Having this allows us to evaluate the model against other possible dynamically updating variables and technical analysis values. The one i find the most interesting is price volatility (not return volatility, mind you), since this will highlight when the market is going into new ranges and having wider long-term swings to a slightly different degree than return volatility will. If we are interested in seeing cumulative moves that the market could do, then price volatility is the best. If we are interested in evaluating day-trading positions or portfolios updated more than twice a week per position, return volatility would be the best way to go at it. However, since return is super-easy to adjust for at a later stage I find it more intellectually interesting (but mathematically questionable) to use price volatility. In specifying the model:

- A given move in equity prices should result in a larger addition to uncertainty if the price volatility is tight. (It is harder to move a stock significantly if the market has had significant time to build up support and resistance.)
- The volatility measure should, as far as possible conform to the ideas set out in the EMA:
- Use data not included in the current period to give better results.
- Use exponential weighting.
- Contain it to a specific period. (Yes, I use this on the EMA, it adds a pretty annoying “tail” to keep in past values after the period value that really messes with statistical testing in situations were your models have low errors.)

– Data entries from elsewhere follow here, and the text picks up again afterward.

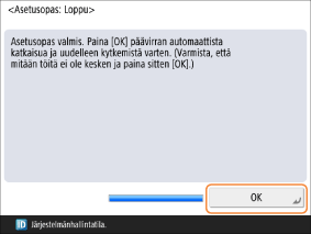 Kun painat <OK>:ta, laite käynnistyy uudelleen.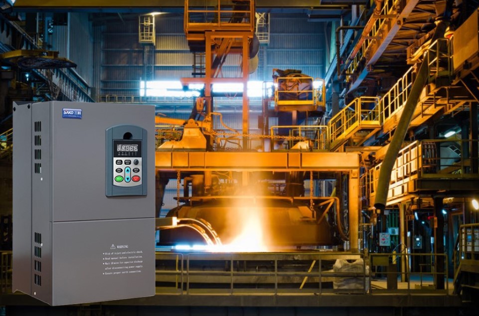 鋼鐵工業(yè)環(huán)境溫度高,粉塵重。為了降低故障概率,在選擇變頻器容量時(shí),應(yīng)適當(dāng)放大。另外,鋼鐵冶金行業(yè)的電機(jī)負(fù)載大多較重,需要變頻設(shè)備有一定的起動(dòng)轉(zhuǎn)矩和低速轉(zhuǎn)矩。因此通常會(huì)選擇矢量控制變頻器。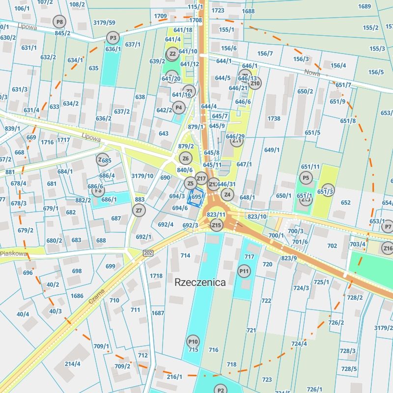 | Numery działek | 694/1, 694/6, 695, 823/11 |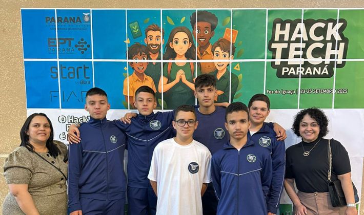 Sobre o Hack Tech – Etapa estadual do 1º Desafio da Educação Profissional e Tecnológica, promovido pela Secretaria da Educação do Paraná (Seed-PR), o HackTech Paraná reuniu em Foz do Iguaçu, no mês de setembro, 171 estudantes da rede estadual. Durante o evento, organizado em formato de hackathon, os alunos foram desafiados a criar soluções inovadoras para problemas reais, envolvendo tecnologia, sustentabilidade e inovação, a partir de projetos previamente selecionados na fase regional.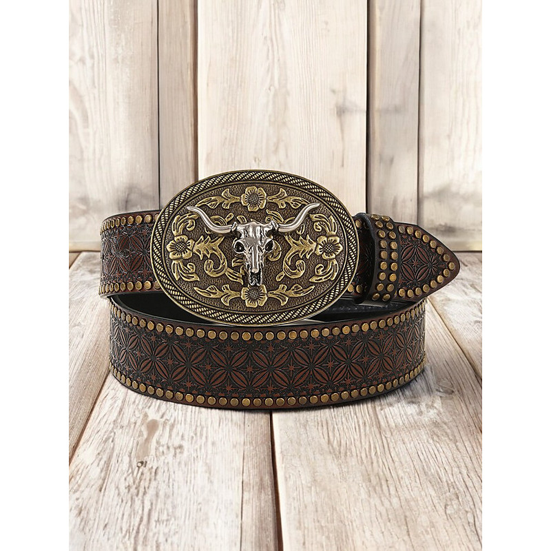 Men's Western Faux Leather Belt with Engraved Floral Design and Bull Skull Buckle – Vintage-Style Cowboy Belt for Rodeo and Casual Wear

- Choosing a volatility estimate that includes other values than closing prices is of course possible and follows the mathematics of the same volatility measures pre-exponential weighting.

The formula for a model that considers exponentially weighted volatility would thus be:

R = ln[(R'(EMA))^(1/Sigma(EW))] = (ln[C(t)] – ln[EMA]) / Sigma(EW)

With Sigma(EW) being the exponentially weighted deviations from the mean. Since volatility is always < 0, this adds

To recover the log-returns relative EMA’s or volatility-adjusted EMA’s is super simple, simply take R* = R(t) – R(t-1)! In both these cases it evaluates very well how large (volatility-adjusted) moves the market makes relative its monthly trend!

There is *still* an issue I have with the representative power of this model, and it very closely models the same issues I have covered, and solved for on the Open Prop Desk for exponential partitioned volatility: time-specific variance.

- Not considering the distance from a smoothed model like an EMA means that if border-periods of the window are close to current data, but represented violent moves not considered in the period shows low volatility when the price action generated high volatility!
- If the market is in a strong trend, volatility (both return and price) will be under-estimated. The sequence [100, 110, 121, 133, 146] has no return volatility (10% return fixed!) and a standard deviation of 18.2, or 14.9% on price levels. If all prior data would have been 100, then any way of estimating this volatility on a price level would have added variance at earlier points when the marked didn’t indicate any variance, an subtract variance after the rally begins by simply considering the sample average.
- By considering an at-time EMA-to-price distance as the variance-generating variable, the information of the market at that time is preserved throughout updates to the data.

Thus, in the standard-deviation part of the formula, simply replace the period-average closing prices with the exponential moving average at time index *t*, which the closing price is also indexed to as C(*t*). Voila!